Farmers are now good news.  When I was a kid they were not.  They were hicks, people with dirt under their fingernails.

Now they are honored.  But which farmers?  Here’s the incredulous response from Food, Mommy, from a farming family in Kentucky (I love to follow blogs from working farmers).

Apparently to many of the visitors to the Incredible Food Show in Lexington, Ky. this past weekend [a farmer] is someone who is growing their own food in their backyard or selling at a “Farmer’s” market.

it really shocked me that every time I mentioned to someone that we were there on behalf of farmers to encourage conversation about how food is produced, the instant response was, “Oh, I love that. I visit the Farmer’s Market all the time.” Or, “My sister has a garden. That’s great.”

Food, Mommy is saddened and puzzled that productive large farmers are dismissed as practising industrial agriculture.

The produce farmer in Ohio, or even California, who is large enough to service several grocery stores in our state now has a big “X” on his/her face.
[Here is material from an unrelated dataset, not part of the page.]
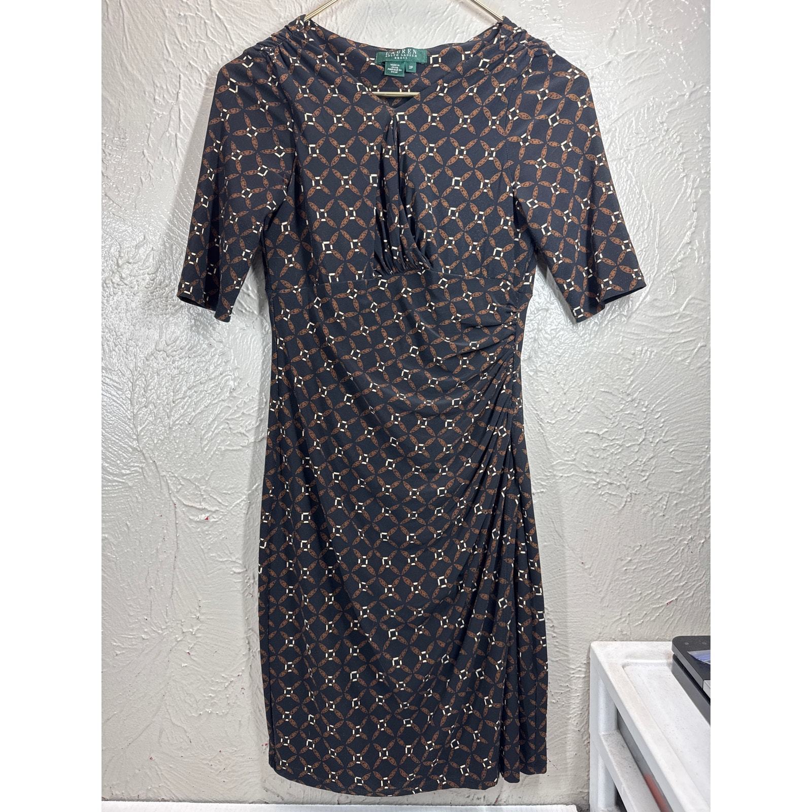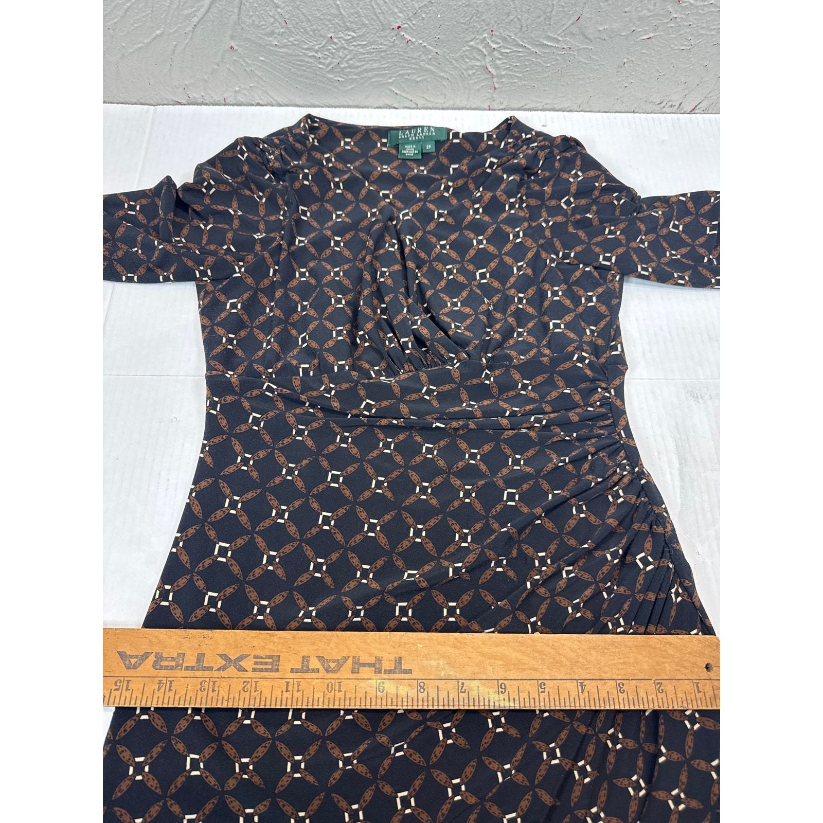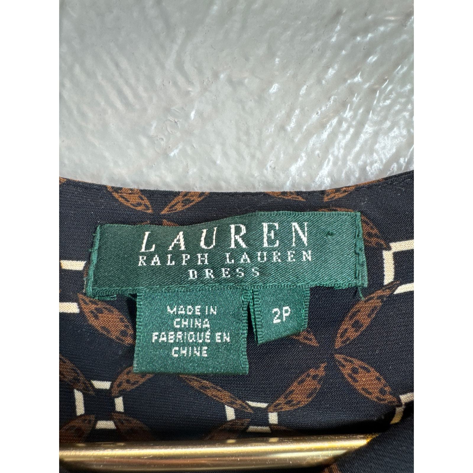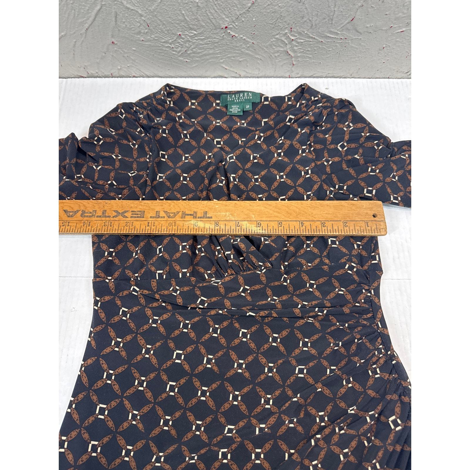 Ralph Lauren Dress Black Chain Sheath Surplice V-Neck Short Sleeve Petite 2P

Some folks are just convinced that since the farm is not “local” and is producing food on several hundred acres instead of two, that the product is bad, industrial food. At what point does a farmer or farm become “industrial?” And when did “success” become a bad word in agriculture?
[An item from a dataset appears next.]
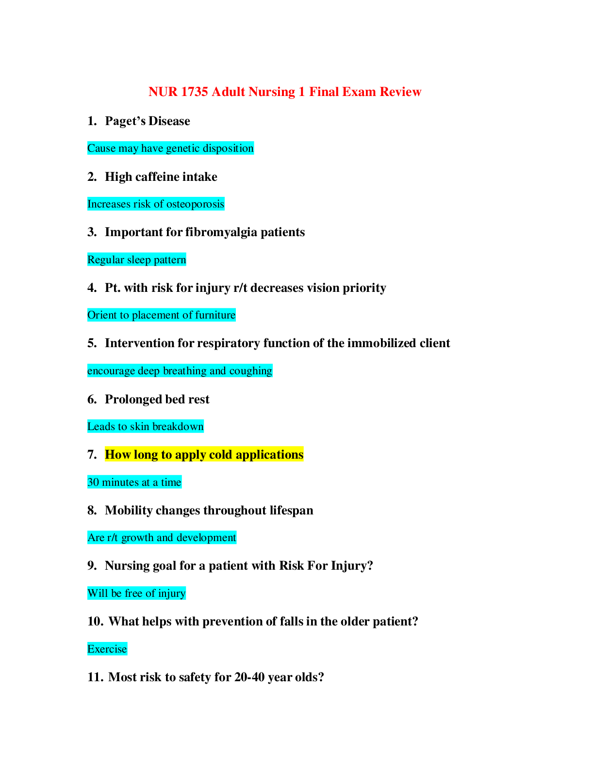 *NURSING > EXAM REVIEW > NUR 1735 / NUR 1735 Adult Nursing 1 Final Exam Review (Latest 2021/2022 Rasmussen College) (All)

I’m with her.  How did farmer become a word only for tiny, unmechanized startups?

Steve Jobs creates cool technological devices, has them produced in China, and is a candidate for sainthood.  American (market or truck) farmers create cool ways of delivering asparagus and lettuce year round, employ people in the United States (Mexicans if Americans don’t want the jobs), and are relegated to the outer circles of  politically unacceptable hell.

Isn’t there an inconsistency here?  How is it possible to wait breathlessly for Steve to improve on the tablets of Moses while shunning farmers who move beyond Cain’s farm and Abel’s pasture.  And even Cain and Abel needed more than the 3000 square feet now often described as a “farm.”  3000 square feet is, after all, only 7/100ths of an acre, neither enough to feed a person nor to make a living, valuable as it may be in teaching children about growing plants.

Edit.  This quote from Russ Parsons of the LA Times puts it well:

Agriculture is a business. Farming without a financial motive is gardening. I use that line a lot when I’m giving talks, and it always gets a laugh. But it’s deadly serious. Not only do farmers have expenses to meet just like any other business, but they also need to be rewarded when they do good work. Any plan that places further demands on farmers without an offsetting profit incentive is doomed to fail.